The ICE model: Independent Continue Earning
The ICE (Independent Continue Earning) model offers a fresh take on retirement. Instead of completely stopping work, ICE helps you balance your job and personal life through meaningful, flexible activities.
This approach recognises that people need interactions, challenges, and ways to contribute. Financial independence becomes your starting point for freedom to work on what matters to you. Retirees who earn some income report better purpose, mental sharpness, emotional health, and energy levels.
Retirement reshapes your identity step by step. Your work identity stays part of you, but retirement lets you rebuild who you are. As 2026 approaches, think about which parts of your professional self to keep while you explore new sides of yourself that work never let you discover.
Conclusion
Your journey towards fulfilling your retirement requirements by 2026 hinges more on the sacrifices you make than the assets you acquire. This article explores five key areas where strategic simplification can revolutionise your retirement outlook. A smaller family home frees up substantial equity and cuts ongoing costs. Setting clear financial boundaries with adult children safeguards your retirement security and encourages their independence. Your retirement freedom grows when you rethink expensive hobbies, remove extra vehicles, and let go of your work identity.

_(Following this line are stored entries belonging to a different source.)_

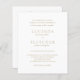 Elegant faux gold all in one budget wedding invitation featuring a simple and minimal design with the names of the bride and groom in a traditional serif font and the middle and last names in an elegant calligraphy script. The back has your guest details as well as an optional QR code. If you prefer, you may remove the QR code in the design editing tool. A classic style that is perfect for a formal wedding.
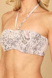 This halter bralette will elevate your style with its unique snake print and shirred design. The halter neckline provides comfortable support while the bralette style offers a flattering fit. Perfect for any occasion, this bralette will add a touch of edginess to your wardrobe.
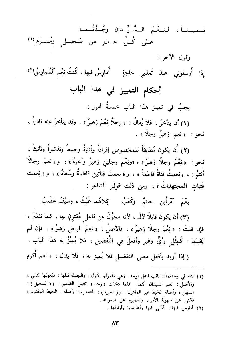 (1) أن يتأخرَ، فلا يُقالُ "رجلاً نِعْمَ زهيرٌ". وقد يتأخرُ عنه نادراً، نحو "نعم زهيرٌ رجلا".

Today’s choices will shape your retirement experience tomorrow. Take a step back and think whether your possessions and identities line up with your future vision. Most retirees find their best days come after they shed these five financial anchors. Please consider beginning to take control of your retirement planning now.
Without doubt, emotional ties make these choices tough. However, keep in mind that memories remain with you, whereas financial burdens are tied to physical assets. A 90-day test helps you evaluate if certain possessions boost your life or just drain resources you could use for meaningful experiences.
Retirement planning goes beyond “What will I live on?” to “What will I live for?” Strategic simplification creates opportunities for growth and purpose in this exciting life transition. The initial discomfort of letting go fades as financial confidence and lifestyle flexibility become the foundations of the retirement you’ve worked hard to achieve.